→ **WORK TO COMPLETE**:
Return only the lines from the top of the data down to the one that holds "Кабина трактора оснащена", both included, without any pictures.

→ **SUPPLIED MATERIAL**:
──────────────────────────────
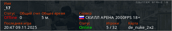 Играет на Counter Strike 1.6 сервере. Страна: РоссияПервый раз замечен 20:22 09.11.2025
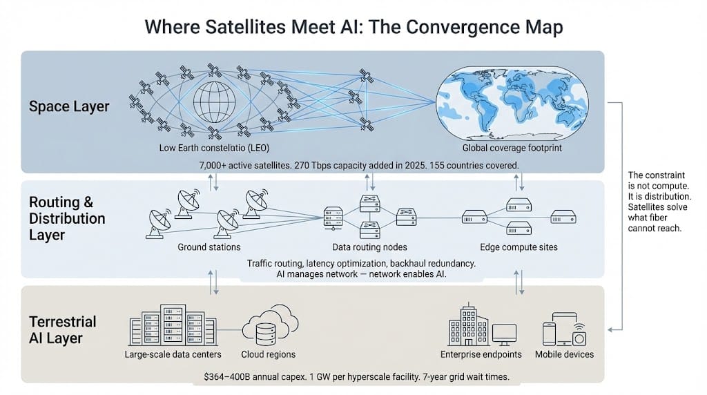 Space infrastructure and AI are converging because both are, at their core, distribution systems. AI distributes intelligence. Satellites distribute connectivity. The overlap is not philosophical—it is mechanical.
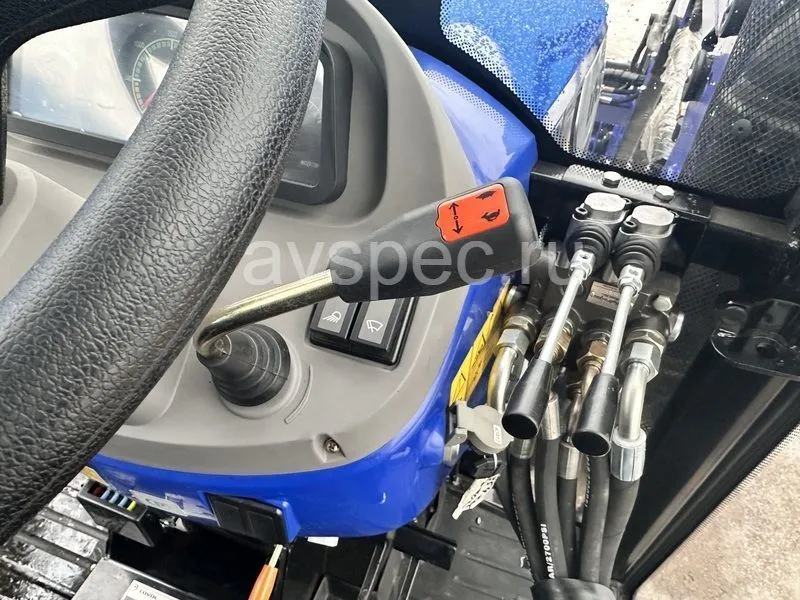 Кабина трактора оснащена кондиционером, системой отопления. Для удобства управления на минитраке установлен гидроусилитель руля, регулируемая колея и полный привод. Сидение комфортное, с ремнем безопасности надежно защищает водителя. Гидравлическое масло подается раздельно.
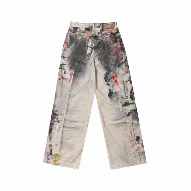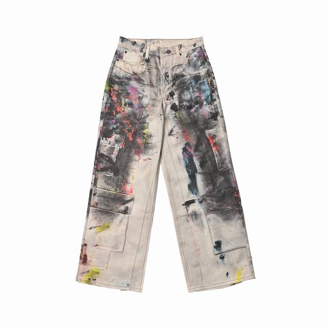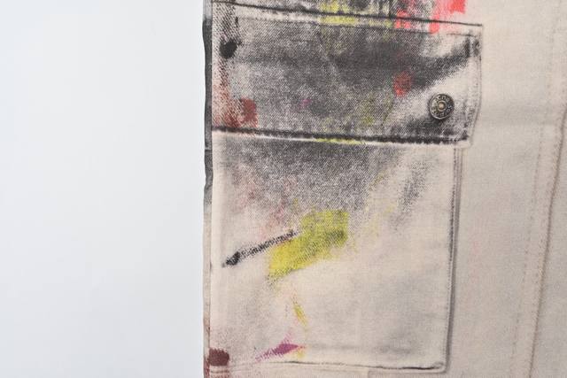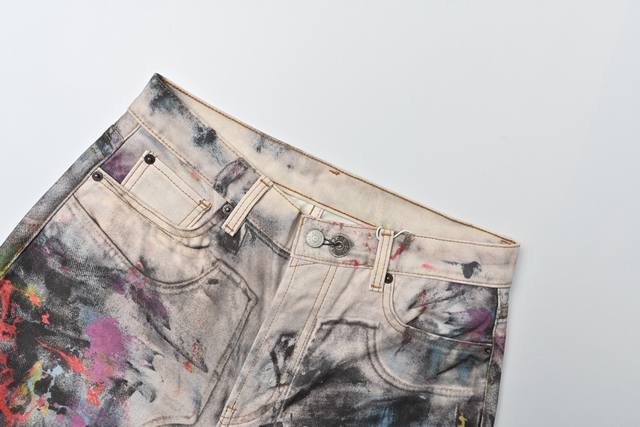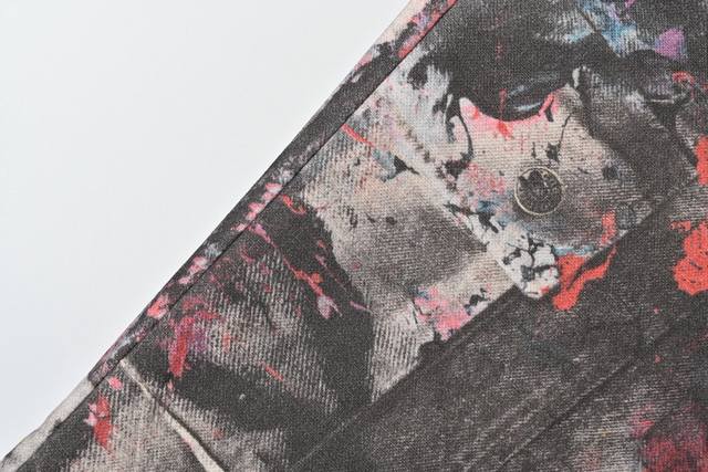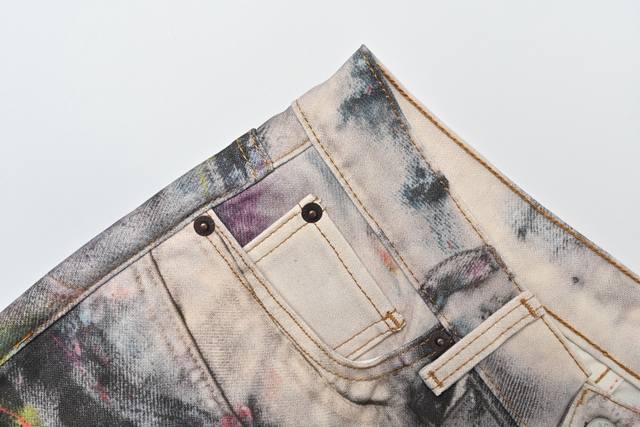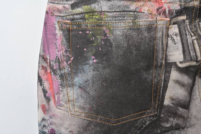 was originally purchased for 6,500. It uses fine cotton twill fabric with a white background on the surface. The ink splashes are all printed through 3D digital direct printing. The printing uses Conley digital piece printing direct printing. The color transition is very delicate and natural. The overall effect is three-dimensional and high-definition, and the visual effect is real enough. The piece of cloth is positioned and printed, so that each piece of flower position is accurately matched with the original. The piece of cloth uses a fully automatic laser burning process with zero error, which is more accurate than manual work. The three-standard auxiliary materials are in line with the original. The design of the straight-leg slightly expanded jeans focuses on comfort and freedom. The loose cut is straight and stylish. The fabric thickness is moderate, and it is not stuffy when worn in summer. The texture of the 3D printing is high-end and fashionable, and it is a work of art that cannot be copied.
──────────────────────────────
→ **RESPONSE**:
 Играет на Counter Strike 1.6 сервере. Страна: РоссияПервый раз замечен 20:22 09.11.2025
 Space infrastructure and AI are converging because both are, at their core, distribution systems. AI distributes intelligence. Satellites distribute connectivity. The overlap is not philosophical—it is mechanical.
 Кабина трактора оснащена кондиционером, системой отопления. Для удобства управления на минитраке установлен гидроусилитель руля, регулируемая колея и полный привод. Сидение комфортное, с ремнем безопасности надежно защищает водителя. Гидравлическое масло подается раздельно.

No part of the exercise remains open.